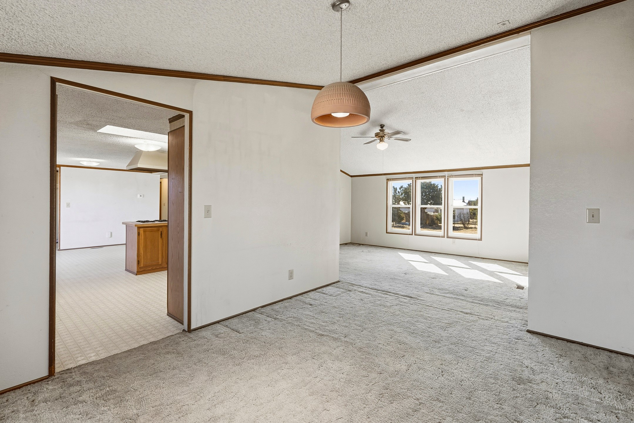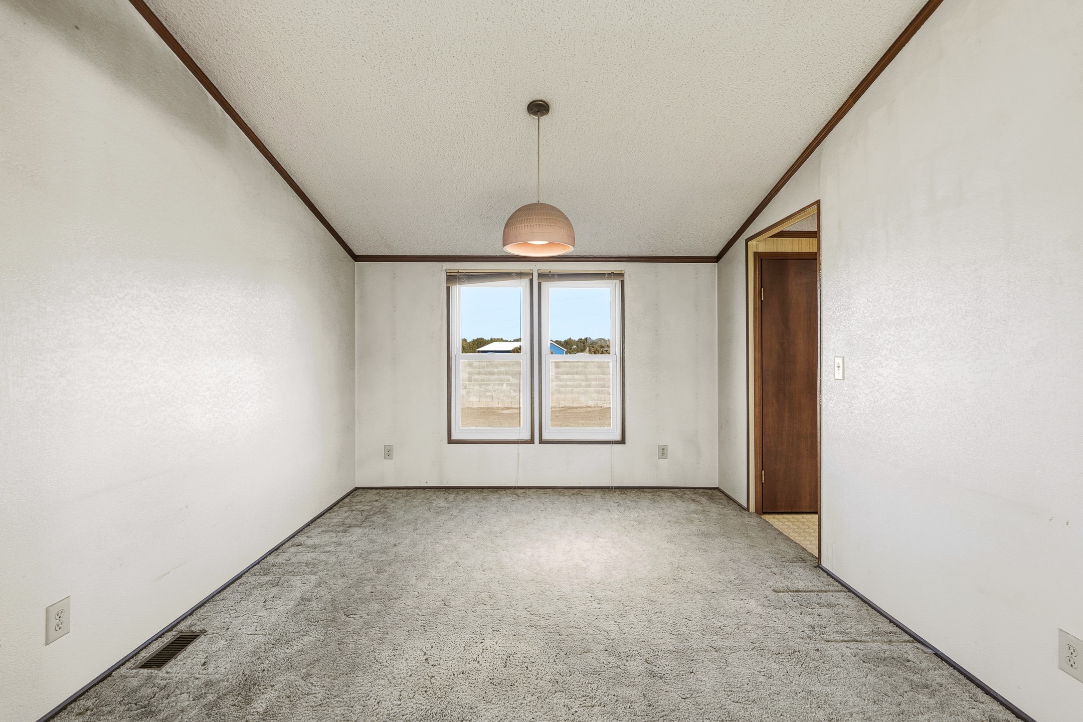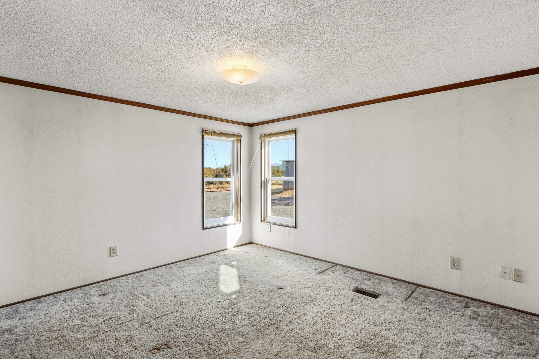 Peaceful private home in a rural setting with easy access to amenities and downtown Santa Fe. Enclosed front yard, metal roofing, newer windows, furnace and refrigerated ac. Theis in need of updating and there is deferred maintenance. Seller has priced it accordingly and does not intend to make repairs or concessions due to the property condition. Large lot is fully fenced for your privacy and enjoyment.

———

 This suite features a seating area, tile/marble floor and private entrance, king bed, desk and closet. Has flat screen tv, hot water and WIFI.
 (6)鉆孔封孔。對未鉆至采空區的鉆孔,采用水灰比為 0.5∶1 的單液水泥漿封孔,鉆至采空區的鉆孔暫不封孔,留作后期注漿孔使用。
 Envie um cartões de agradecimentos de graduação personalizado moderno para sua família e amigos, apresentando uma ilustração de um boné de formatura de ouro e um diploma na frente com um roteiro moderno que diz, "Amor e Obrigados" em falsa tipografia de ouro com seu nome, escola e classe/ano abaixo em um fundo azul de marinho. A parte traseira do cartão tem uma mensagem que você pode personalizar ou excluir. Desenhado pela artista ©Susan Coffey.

———

Assigned task
Everything in the material above from the line that has "This suite features" through the line that has "Envie um cartões" must be duplicated exactly, with no other lines given.

Answer space
 This suite features a seating area, tile/marble floor and private entrance, king bed, desk and closet. Has flat screen tv, hot water and WIFI.
 (6)鉆孔封孔。對未鉆至采空區的鉆孔,采用水灰比為 0.5∶1 的單液水泥漿封孔,鉆至采空區的鉆孔暫不封孔,留作后期注漿孔使用。
 Envie um cartões de agradecimentos de graduação personalizado moderno para sua família e amigos, apresentando uma ilustração de um boné de formatura de ouro e um diploma na frente com um roteiro moderno que diz, "Amor e Obrigados" em falsa tipografia de ouro com seu nome, escola e classe/ano abaixo em um fundo azul de marinho. A parte traseira do cartão tem uma mensagem que você pode personalizar ou excluir. Desenhado pela artista ©Susan Coffey.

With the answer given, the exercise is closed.